* INFORMATION SUPPLIED *

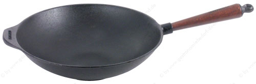 • aus Gusseisen, mit abgeflachtem Boden, mit edlem Buchenholzgriff, schwere, hochwertige Qualität
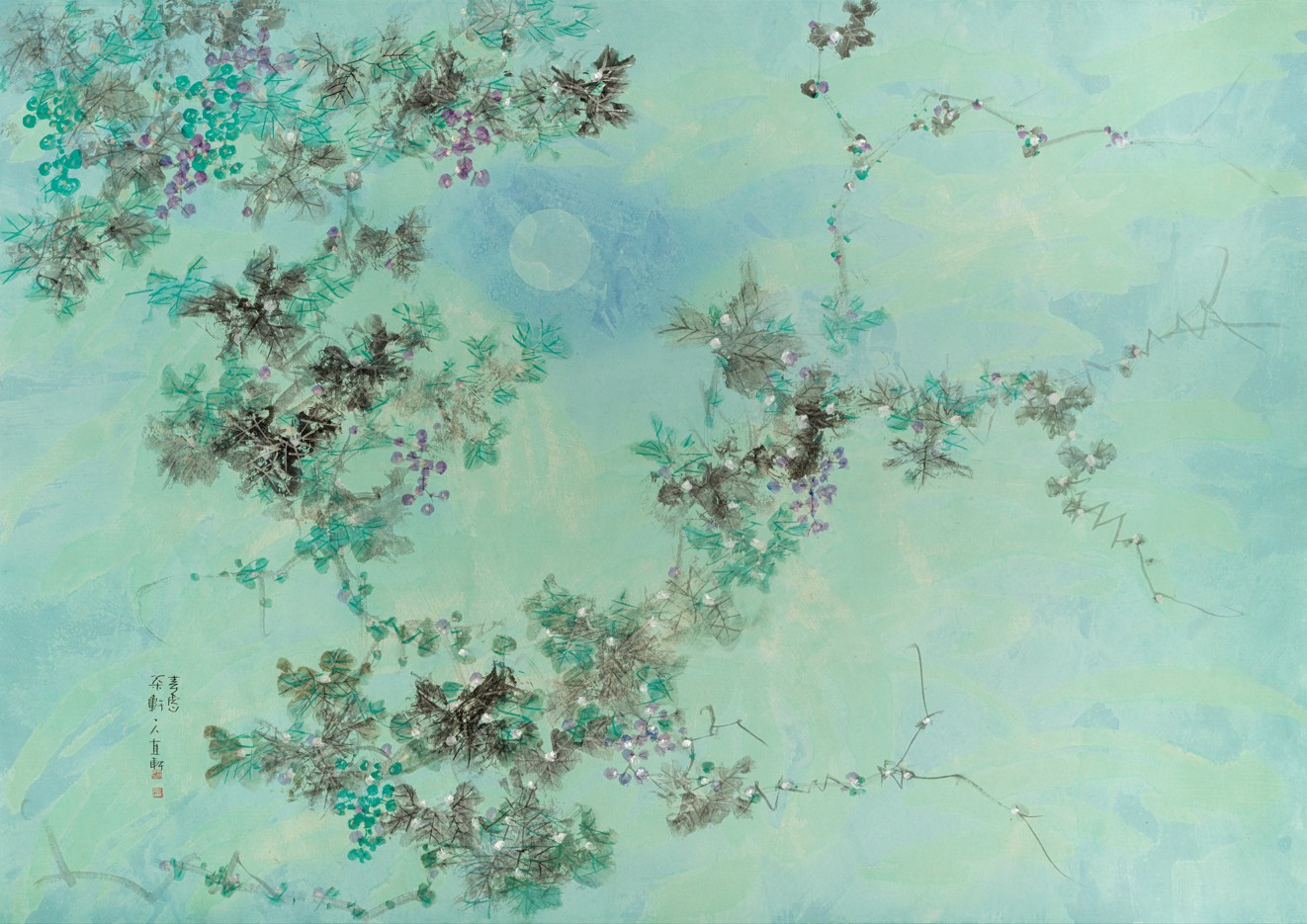 Heo Dal-jae, grape, 2025, Ink and color on Hanji, gold leaf, 148 x 210 cm. Courtesy of the Artist and Jeonnam Museum of Art.
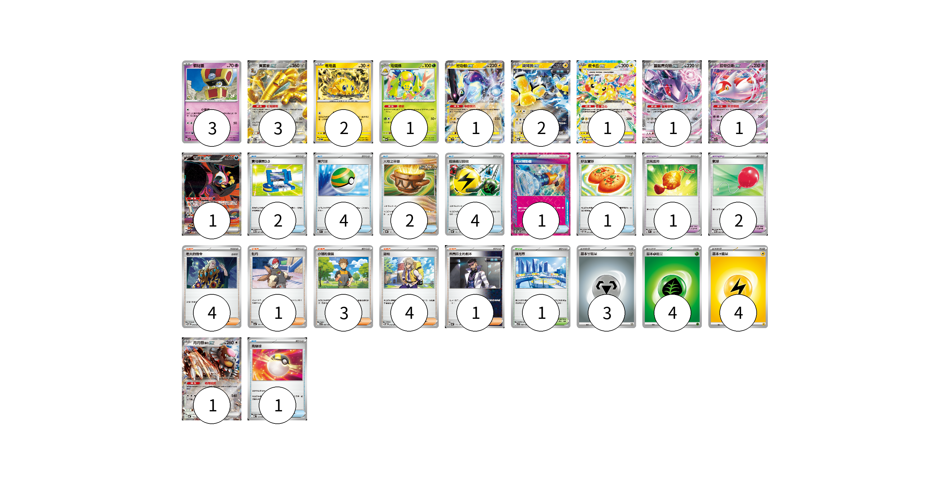 牌組構築方案 以此牌組為基礎新構築牌組 顯示卡面 顯示列表 寶可夢卡(17) 3 3 2 1 1 2 1 1 1 1 1 寶可夢道具(3) 1 2 物品卡(15) 2 4 2 4 1 1 1 支援者卡(13) 4 1 3 4 1 競技場卡(1) 1 能量卡(11) 3 4 4 寶可夢卡(17) 卡牌名稱 張數 卡牌名稱 張數 索財靈 SV7a 024/064 03 賽富豪ex SV3a 050/062 03 電電蟲 SV7 032/102 02 電蜘蛛 SV6a 002/064 01 密勒頓ex SV1V 037/078 01 鐵臂膀ex SV8a 054/187 02 皮卡丘ex SV8 033/106 01 蓋諾賽克特ex SV11B 069/086 01 拉帝亞斯ex SV7a 019/064 01 吉雉雞ex SV6a 089/064 01 月月熊 赫月ex SV8a 134/187 01 寶可夢道具(3) 卡牌名稱 張數 卡牌名稱 張數 勇氣護符 SVM 142/175 01 氣球 SV11B 082/086 02 物品卡(15) 卡牌名稱 張數 卡牌名稱 張數 寶可裝置3.0 SV11B 081/086 02 巢穴球 SVM 133/175 04 大地之容器 SV8a 143/187 02 超級能量回收 SV8a 141/187 04 頂尖捕捉器 SV5M 062/071 01 好友寶芬 SVOD 011/020 01 高級球 MBD 014/022 01 支援者卡(13) 卡牌名稱 張數 卡牌名稱 張數 老大的指令 SVOD 019/020 04 牡丹 SV4a 182/190 01 小剛的發掘 SV9 096/100 03 派帕 SVOD 018/020 04 弗圖博士的劇本 SV8a 175/187 01 競技場卡(1) 卡牌名稱 張數 卡牌名稱 張數 釀光市 SV9 098/100 01 能量卡(11) 卡牌名稱 張數 卡牌名稱 張數 基本【鋼】能量 SVF MET 03 基本【草】能量 SVTM GRA 04 基本【雷】能量 SVD LIG 04 以此牌組為基礎新構築牌組 牌組編碼 BGMGYI-ulhCpP-dYGHxL copy 列印牌組單 牌組編碼已複製 分享至SNS

* WORK REQUEST *
The reply should consist only of the lines from the top of the material above through the line with "Heo Dal-jae, grape, 2025, Ink", printed exactly, pictures omitted.

* SOLUTION TO THIS TASK *
 • aus Gusseisen, mit abgeflachtem Boden, mit edlem Buchenholzgriff, schwere, hochwertige Qualität
 Heo Dal-jae, grape, 2025, Ink and color on Hanji, gold leaf, 148 x 210 cm. Courtesy of the Artist and Jeonnam Museum of Art.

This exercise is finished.